**Requirement:**
Write out exactly the lines from the one containing "宁夏局党委深入辖区市场主体、" through the last line of the records below, both included, and leave out any pictures.
BEGIN Recorded information
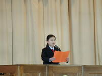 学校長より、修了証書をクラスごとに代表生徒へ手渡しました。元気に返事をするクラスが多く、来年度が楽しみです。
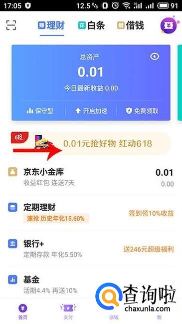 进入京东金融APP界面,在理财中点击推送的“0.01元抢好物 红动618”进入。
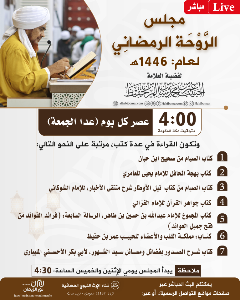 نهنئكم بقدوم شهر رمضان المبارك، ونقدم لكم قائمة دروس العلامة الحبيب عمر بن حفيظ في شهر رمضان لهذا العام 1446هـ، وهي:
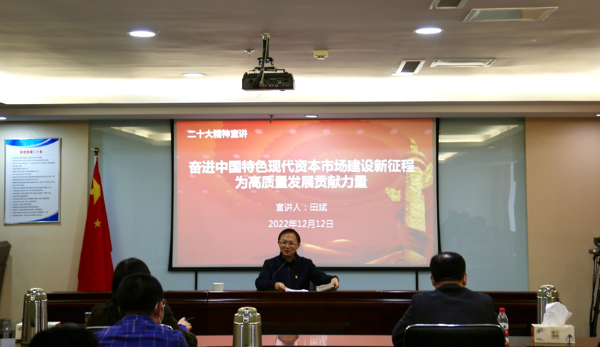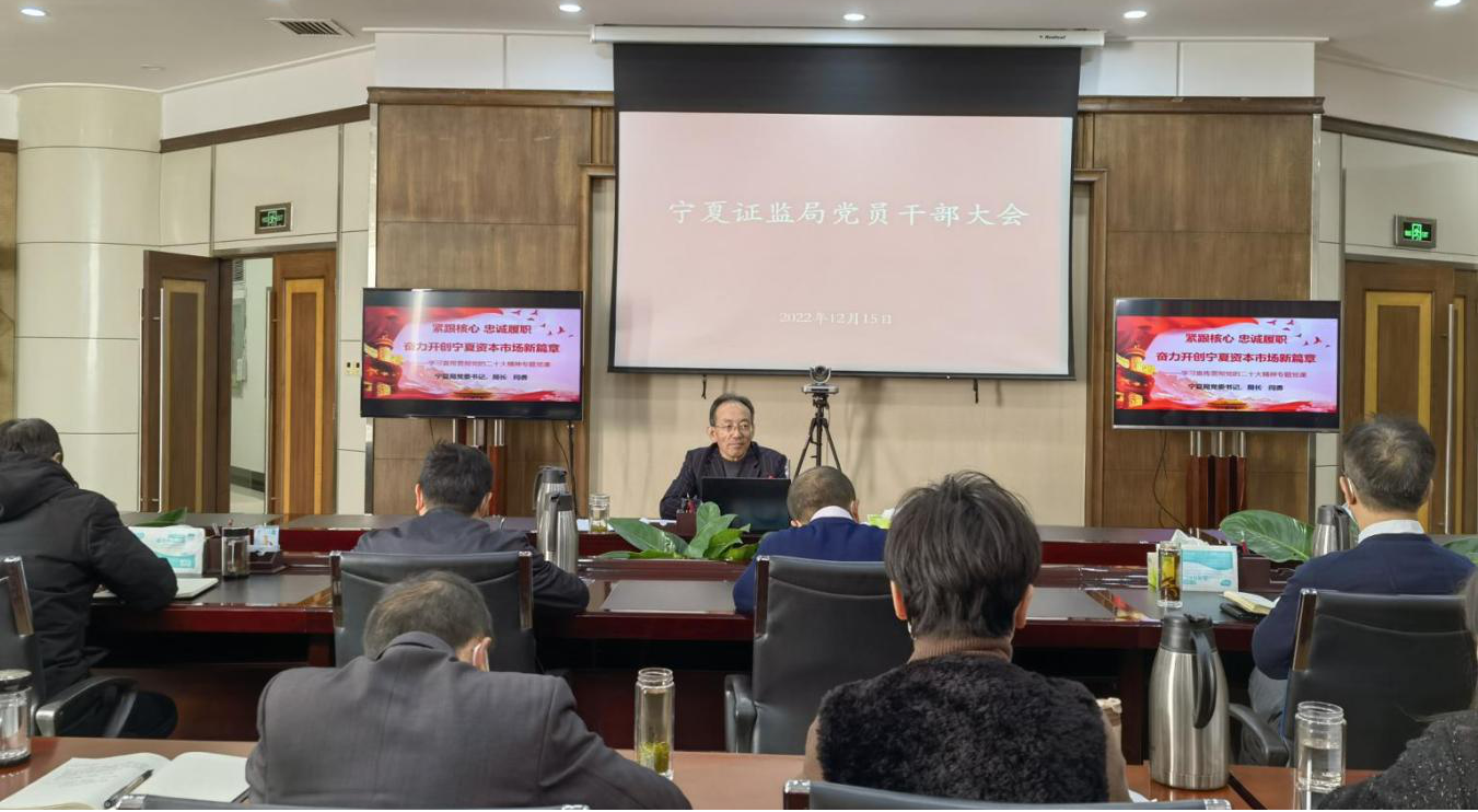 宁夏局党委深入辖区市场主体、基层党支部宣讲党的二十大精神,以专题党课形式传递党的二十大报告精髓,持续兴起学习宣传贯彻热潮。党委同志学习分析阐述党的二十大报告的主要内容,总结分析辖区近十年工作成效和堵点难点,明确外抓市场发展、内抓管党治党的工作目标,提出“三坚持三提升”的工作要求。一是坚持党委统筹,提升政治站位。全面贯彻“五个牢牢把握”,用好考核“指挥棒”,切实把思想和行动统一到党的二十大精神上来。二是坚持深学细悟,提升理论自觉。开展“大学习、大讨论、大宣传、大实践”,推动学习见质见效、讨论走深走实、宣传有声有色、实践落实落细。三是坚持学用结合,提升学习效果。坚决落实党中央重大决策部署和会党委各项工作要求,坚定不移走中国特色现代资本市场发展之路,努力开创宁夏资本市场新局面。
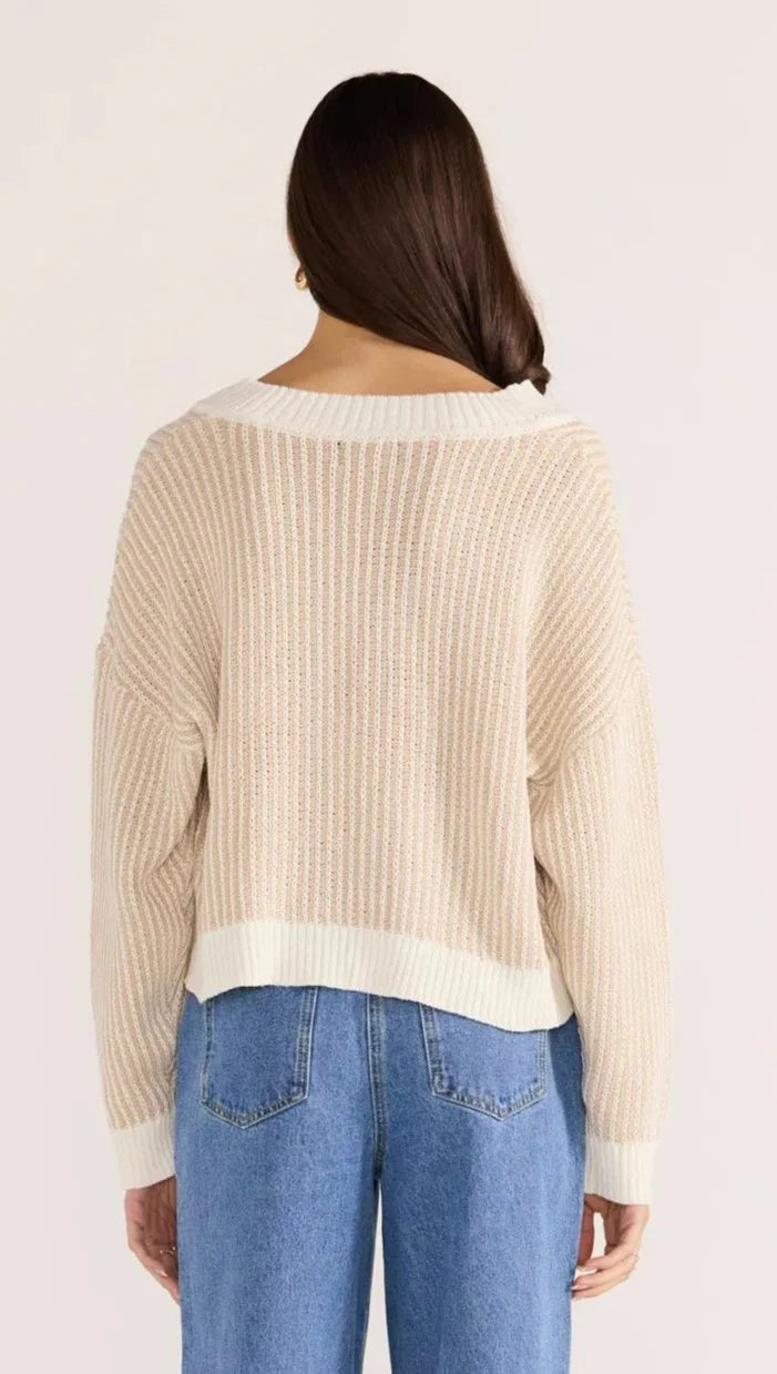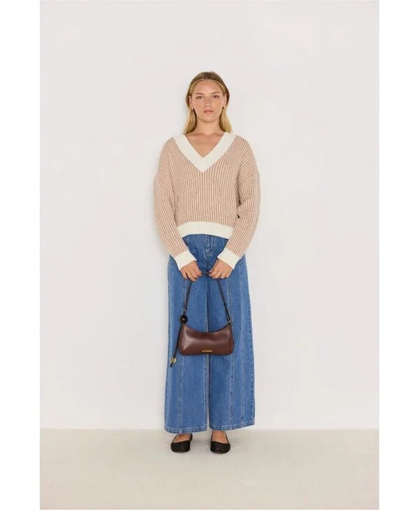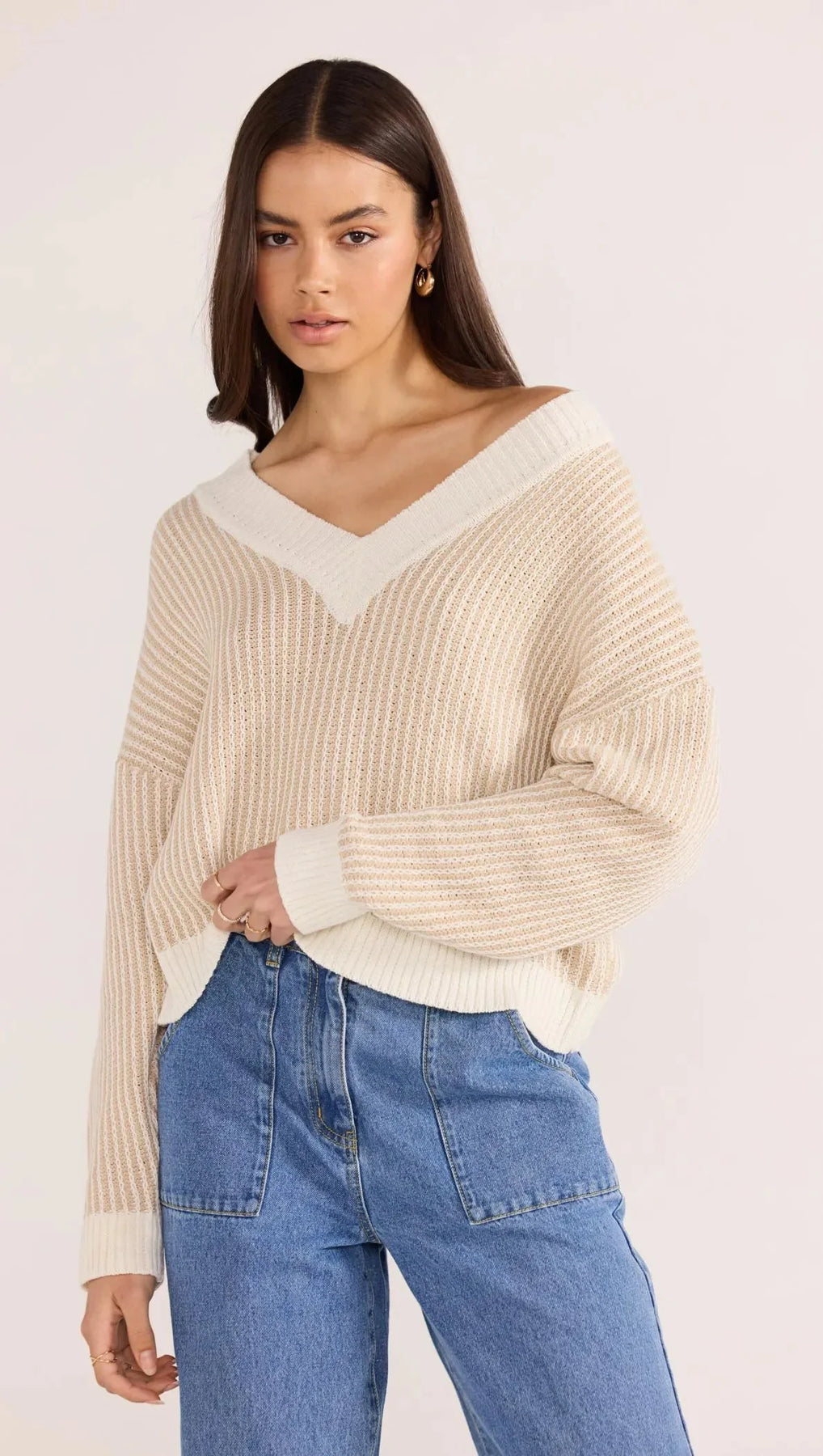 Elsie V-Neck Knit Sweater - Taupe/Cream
END Recorded information
**Exercise solution:**
 宁夏局党委深入辖区市场主体、基层党支部宣讲党的二十大精神,以专题党课形式传递党的二十大报告精髓,持续兴起学习宣传贯彻热潮。党委同志学习分析阐述党的二十大报告的主要内容,总结分析辖区近十年工作成效和堵点难点,明确外抓市场发展、内抓管党治党的工作目标,提出“三坚持三提升”的工作要求。一是坚持党委统筹,提升政治站位。全面贯彻“五个牢牢把握”,用好考核“指挥棒”,切实把思想和行动统一到党的二十大精神上来。二是坚持深学细悟,提升理论自觉。开展“大学习、大讨论、大宣传、大实践”,推动学习见质见效、讨论走深走实、宣传有声有色、实践落实落细。三是坚持学用结合,提升学习效果。坚决落实党中央重大决策部署和会党委各项工作要求,坚定不移走中国特色现代资本市场发展之路,努力开创宁夏资本市场新局面。
 Elsie V-Neck Knit Sweater - Taupe/Cream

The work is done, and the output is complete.